I had a vivid, very realistic dream with him in it, and in my dream his partner was not comfortable with us speaking and yet he continued to anyway and we even started to become more romantic in nature with one another. I don’t foresee this happening at all in real life (I get the impression he is very happy in his current relationship and is honest about only missing me as a friend/someone to talk to), yet it made me wonder if maybe it’s creating a longing for me that is not healthy. Last night and today I have found myself thinking back to the past (I can’t believe that it’s been 3 years ago), on how my current diagnosis of Bipolar II probably impacted this past ‘relationship’ too. It’s hard not to wonder what could have been had I gotten the help that I needed sooner, but I’m trying to practice what we spoke about and using compassion and empathy for myself rather than beating myself up over what happened 3 years ago. I’m also trying to tell myself that it’s possible that it wasn’t my issues that stamped out this relationship from blossoming into something real, and perhaps he simply wasn’t that in to me even if I had behaved better. I’ve thought about asking him about this now that he’s so open to talking, but I wonder if a) it doesn’t really matter, b) he might not even know, and c) it might open up a topic that might be inappropriate.
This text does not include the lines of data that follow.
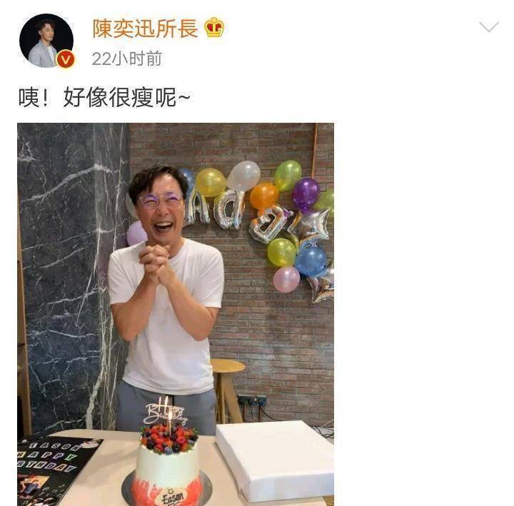 今天是陳奕迅的四十六歲生日,他本人也在今天凌晨的時候發布了一條社交動態,可能是發自拍的時候發現自己變瘦了:「咦,好像很瘦呢」。粉絲則開心回復說:「夠準時哦,也確實夠瘦的,還是要多吃點,不然怎麼叫胖陳」,蛋糕上堆滿了草莓,藍莓和桑葚,裙邊則是粉色的,上面寫著Eason的英文名。一看就很有營養,非常美味。后面的背景墻上粘著彩色的氣球,非常有過生日的氣氛。陳奕迅本人雙手合拳笑的像個孩子,瞇起來眼睛都不見了,看起來精神狀態非常好,壽星的笑容真的很有感染力,讓人看著都被熱鬧的氣氛影響,忍不住開心起來。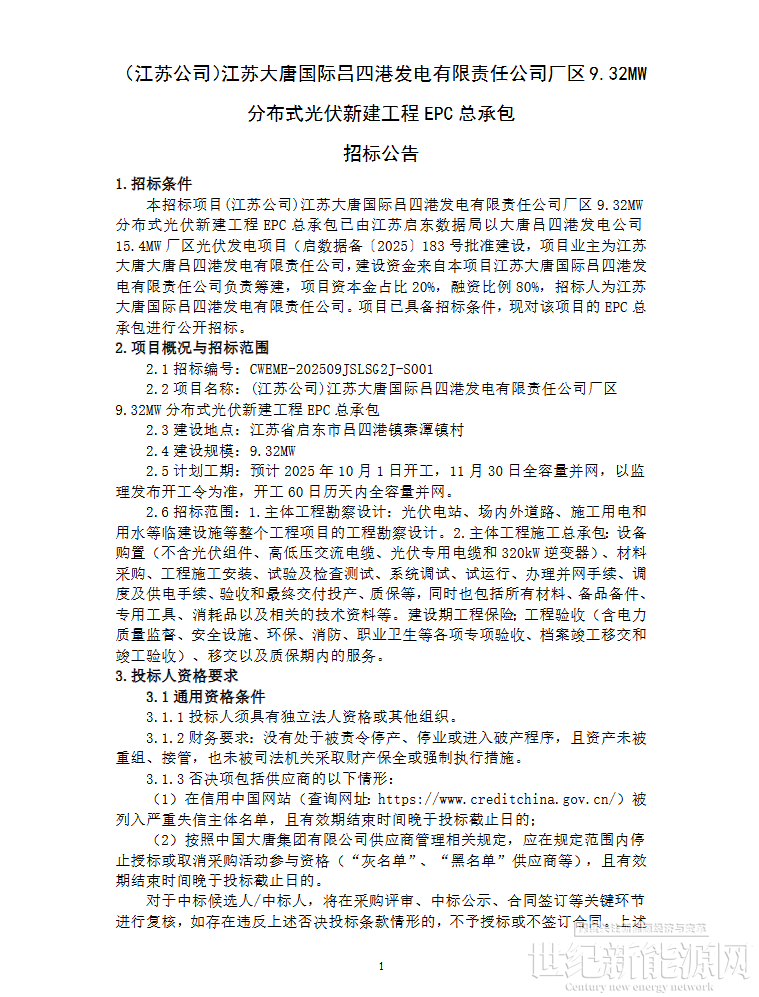 近日,【(江苏公司)江苏大唐国际吕四港发电有限责任公司厂区9.32MW分布式光伏新建工程EPC】中标候选人公示!其中: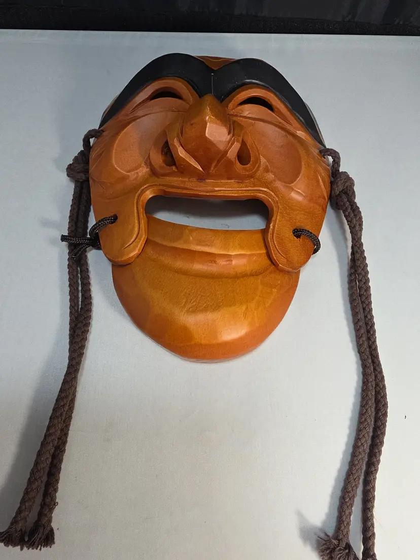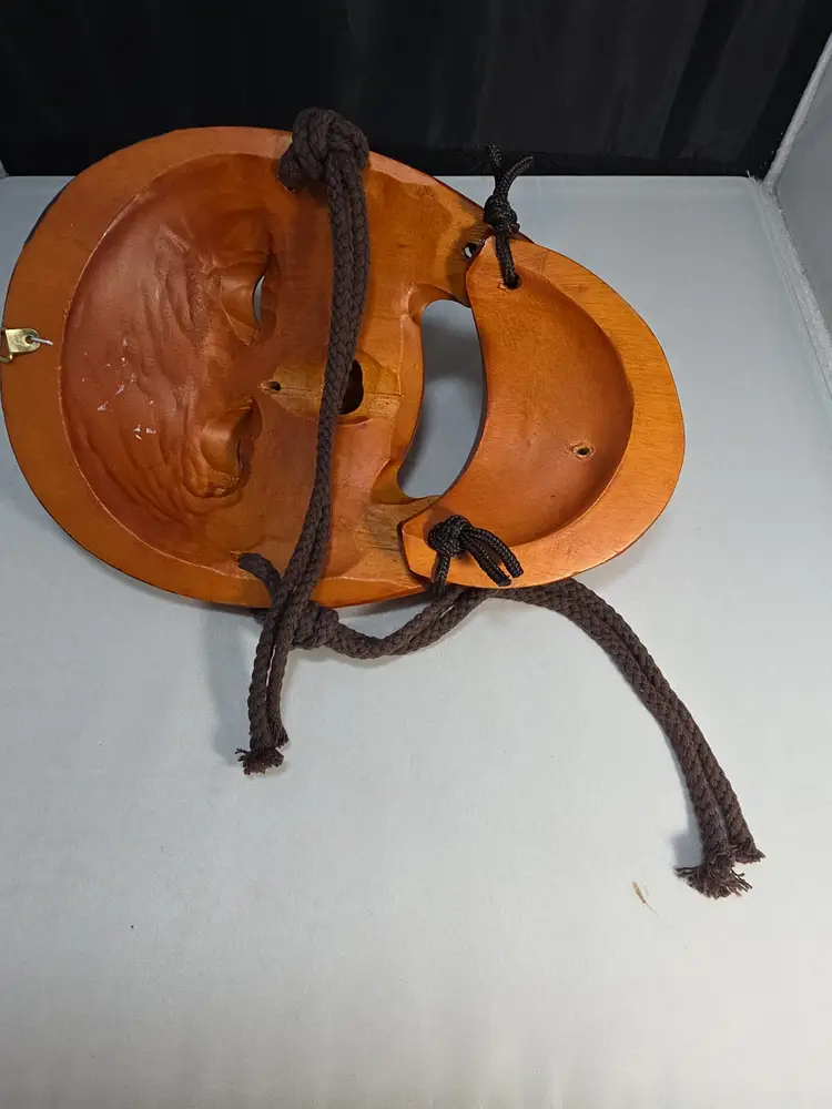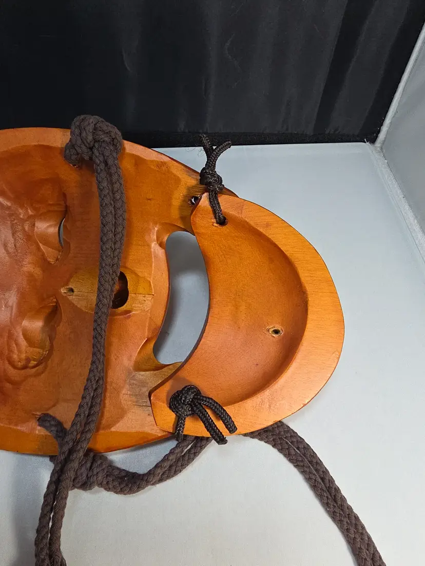 Description: Vintage Korean style carved wooden mask inspired by traditional Hahoe folk masks used in Korean theater and ceremonial performances. Features carved facial details with a dark brow, open mouth (mouth opens and closes), and cord ties on each side. The back includes a metal hanger for easy wall display. Great piece for Asian folk art collections, wall décor, or cultural display. Stored in a smoke and pet free home.

Also, I feel like it’s hard not to feel envious of him and his partner. His baby is adorable, and he told me that his partner is truly his best friend. It makes me sad that I’ve wanted that for as long as I can remember, yet it still seems so out of reach for me while I have watched most of my past partners, friends, and family members find what has been so elusive to me. I worry that now that I finally seem aware and able to pursue romantic relationships in a more healthy manner, that it is too late, that most of the good men are taken. That even years ago when I was in my 20’s it was hard to find good, interesting and reliable men and that it will only be harder in my 30’s. I’m finding it hard not to revert to old patterns of blaming myself for what transpired. It seems sort of evidence to me that if this man still enjoys talking to me 3 years after dating one another, that he probably was interested in me and it was my behaviour that drove him away.
Anyway, I thought I’d keep you updated on that and see what your thoughts are. I hope you’ve had a good week that I’ve been away from this thread!